Cyber Resilience Methodology

The Cyber-T.H.R.I.V.E. Model

Threat

Organisations who have suffered a cyber attack due to insider threat, ransomware attack, accidents, organised crime, or foreign intelligence services often will want to deal with the situation and give stakeholders confidence that this is being resolved with a clear vision, integrity and trust. ‘Threat Analysing’ the potential risk of cyber threats to an organisation anchors our approach to resilience and risk when working with information or data within cyber space.

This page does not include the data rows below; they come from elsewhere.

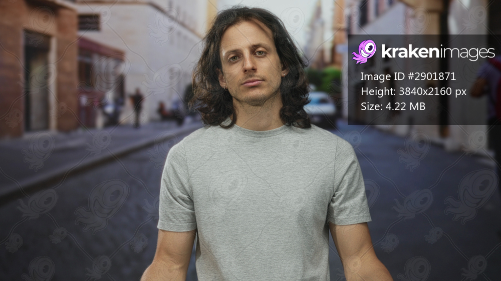 Man with long hair and earrings, arms at sides wearing gray tshirt standing on city street; calm introspection.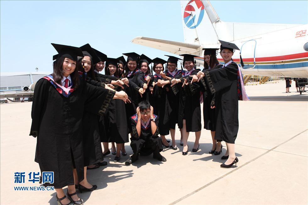 | A group of college students from Civil Aviation University of China take photos in front of the large passenger plane, and say goodbye to their colorful college life on June 12, 2014. As college graduation season comes, many graduates are busy having photos taken on campus as a memento. (Pang Jie/Xinhua News Agency) |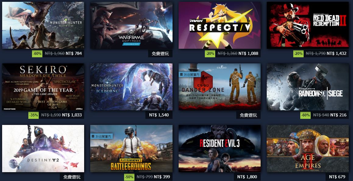 記者顏大惟/綜合報導 我是廣告 請繼續往下閱讀 ×今(20)日開始,Steam正式開啟2019年的冬季特賣,許多遊戲紛紛迎來了歷史最低價,包括最近才剛登上PC平台的《碧血狂殺2》、《魔物獵人:世界》、《隻狼》等等。×此外,Steam也針對本次的冬季特價開啟了新的「Steam谷活動」,只要消費10元就可以換取33代幣,也可以完成相關任務賺取代幣。代幣除了可以購買折扣券之外,也能買各種新的聊天貼紙、個人檔案以及聊天室效果。× ×詳細特價遊戲與價格,玩家可至Steam上觀看。 相關新聞 《決勝時刻:現代戰爭》突破遊戲主機遊玩次數 成史上最多人玩的《決勝時刻》系列作人物訪談/直擊《三國志14》製作人!最意外能和《銀河英雄傳說》合作《天堂R》首次大改版!同步韓永久免費制!最強 BOSS「闇龍」即將來襲 steam冬季特賣碧血狂殺隻狼魔物獵人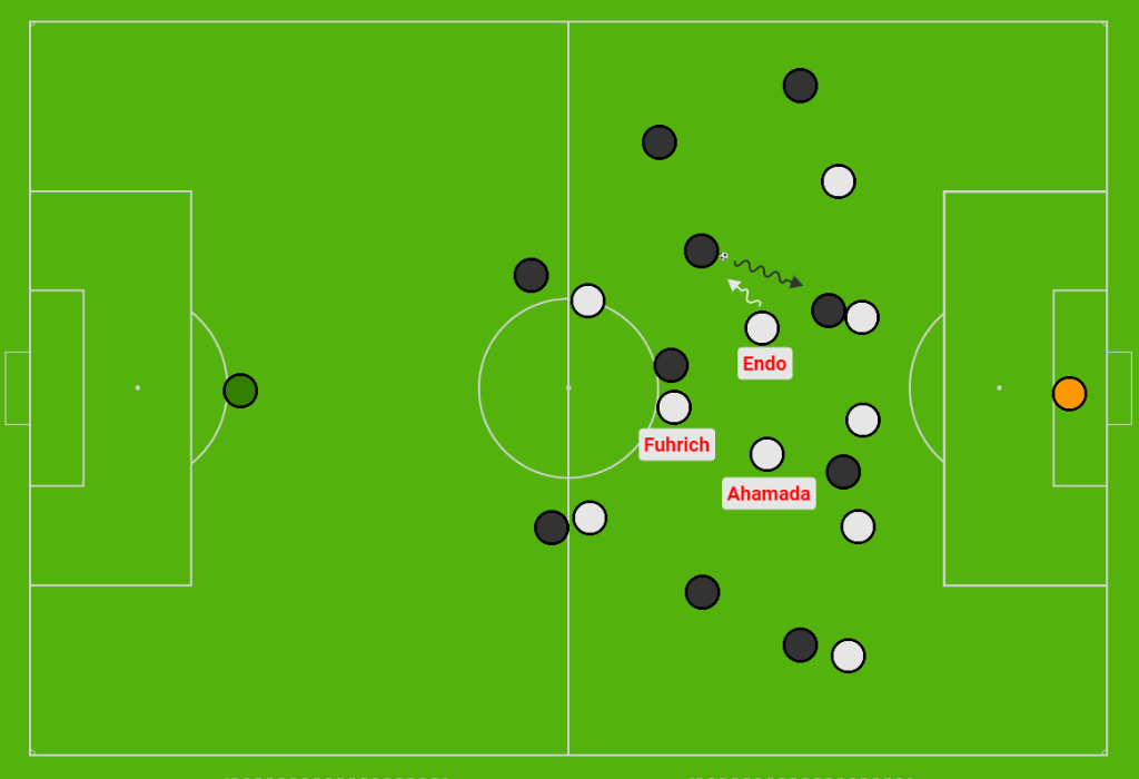 20-year-old Ahamada just so happens to be the influential man on the ball in midfield, after making just 3 substitute appearances last season. The energetic midfielder has often made himself the one assisting the assist as he ventures box to box, and remains key to build-up phases. Führich meanwhile has needed to be more tactically flexible and adaptable than any other Stuttgart player, even stepping up to the front-line in certain pressing moments. Anchoring in between the pair of midfielders is team captain Wataru Endo, the essential piece to breaking up the play and organizing team shape out of possession.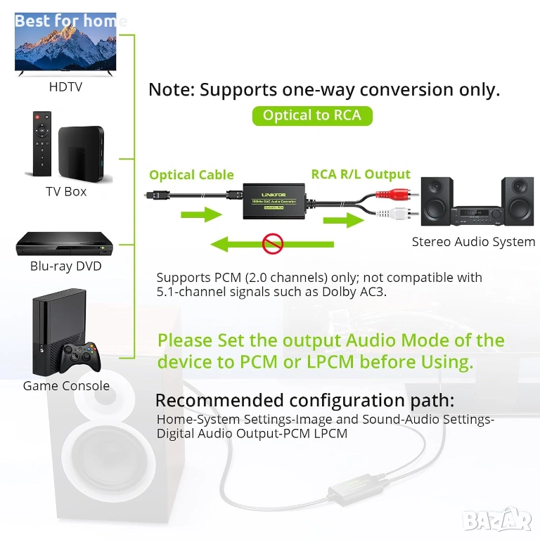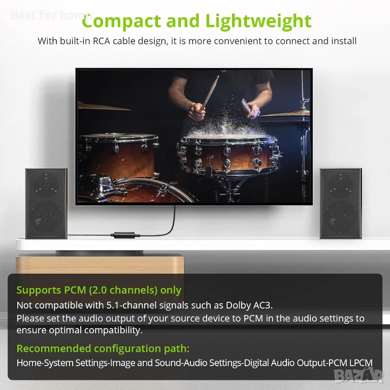 Множество входове: Поддържа Optical (Toslink) и Coaxial входове.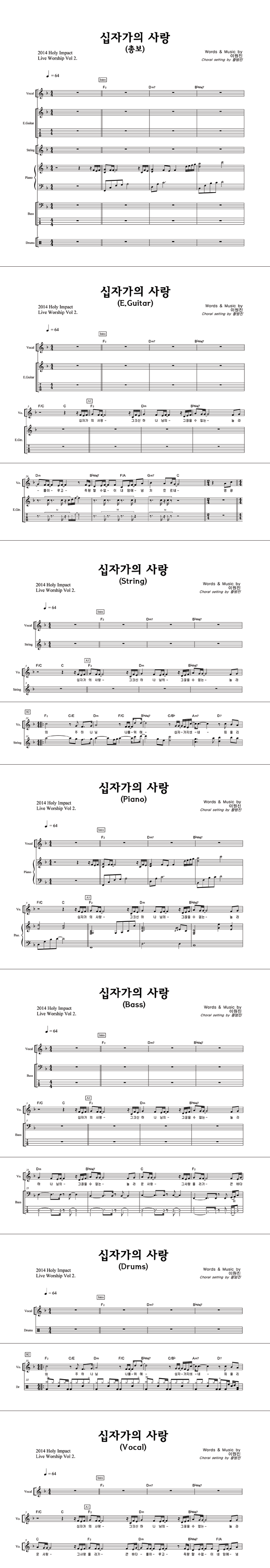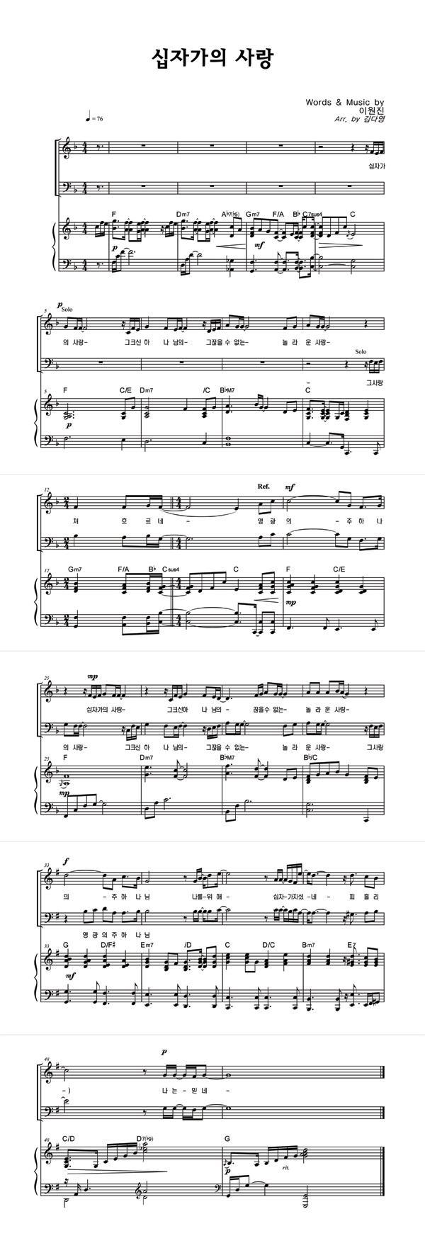 '십자가의 사랑' 의 악보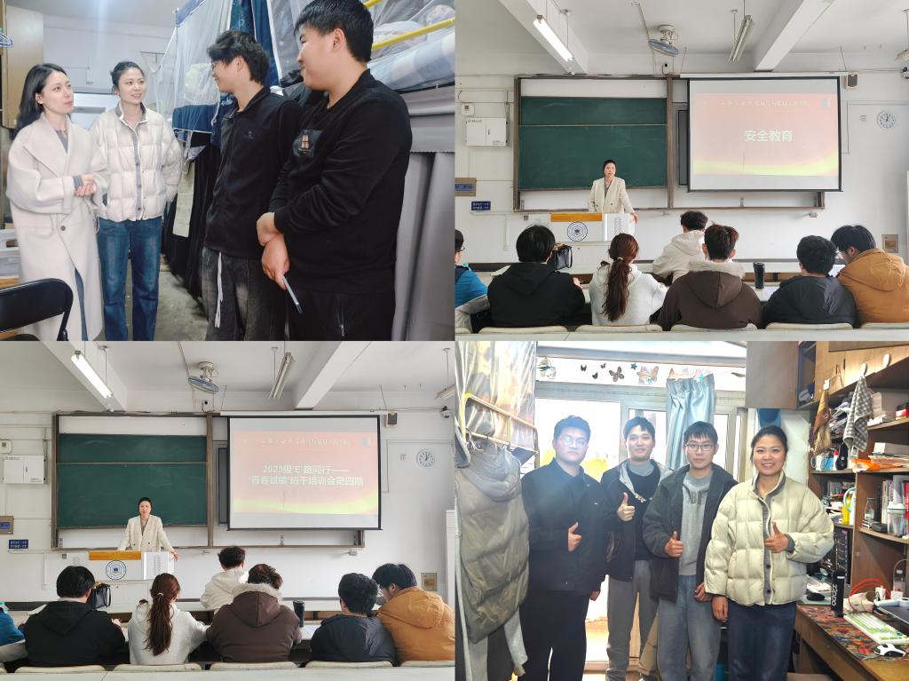 2023级辅导员组织召开了“E”路同行——“青春赋能”班干培训会第四期暨清明节前安全教育会,全体班干部参会。会议结束后,辅导员们深入课堂与宿舍,开展查课查寝工作,为学生成长成才保驾护航。

Cyber Threats can be multi layered and complex, and exacerbated by an organisation’s lack of understanding of its risk profile. The T.H.R.I.V.E. framework evaluates the organisational’s resilience capability to cyber risk on on 5 key components: Human Factors, Relationships, Integrity, Vision and Elasticity. It provides key measures to aid understanding of where they are at that moment in time, but more importantly, offers interventions to improve the resilience profile over time.

 

Human Factors

Human Factors is based on the science of ergonomics, which places the human at the centre of any engineering process. Often systems and procedures are designed without a full appreciation of how they will be implemented or used by human beings. Automation, Big Data and AI, increases the interdependency of complex information systems, and the usability and therefore the impact of these systems must therefore place the human at the centre of the engineering process. Failure to do so, particularly in safety critical systems, such as aviation, can have catastrophic consequences. The T.H.R.I.V.E. model also seeks to widen its scope into anthro-engineering, and is at the fore front of research to understand the impact to the environment, nature and ecology of cyber technology.

Relationships

Positive Relationships have been proven to develop resilience within organisations. Transformational leadership, team work, operating fairly within a self- organising team, creates not only resilience, but improves performance and productivity. The ability to remain cohesive and avoid a ‘blame culture’, gives both individuals and organisations the framework in which to adapt to threat, and work towards creating a thriving organisation.

Integrity

Integrity covers both the state of being whole and complete as well as doing the right thing. The ability to trust, to be brave and speak out, when things are not working, is what creates resilience and gives organisations the ability to adapt to change. The integrity of systems, procedures and protocols is inherently reliant on the people who validate the process, and ensure that it remains ethical and has not been compromised. Integrity also covers the creation of a culture where people are empowered to be authentic and speak up when things are not working the way they ought to.

Vision

Research demonstrates that having a vision is essential to creating excellent performance in an organisation. The stories and meaning that people ascribe to events and activities within an organisation can fundamentally affect outcomes. Often the difference between mediocre and top level performance is simply one of people buying into a vision that touches and inspires them.

Elasticity

Research shows that the way human beings habitually think and feel physically affects the structure of their brain. As a consequence it is important to develop agile and resourceful thinking habits both as individuals and teams which in turn can dramatically improve  creativity, problem solving, and long-term resilience.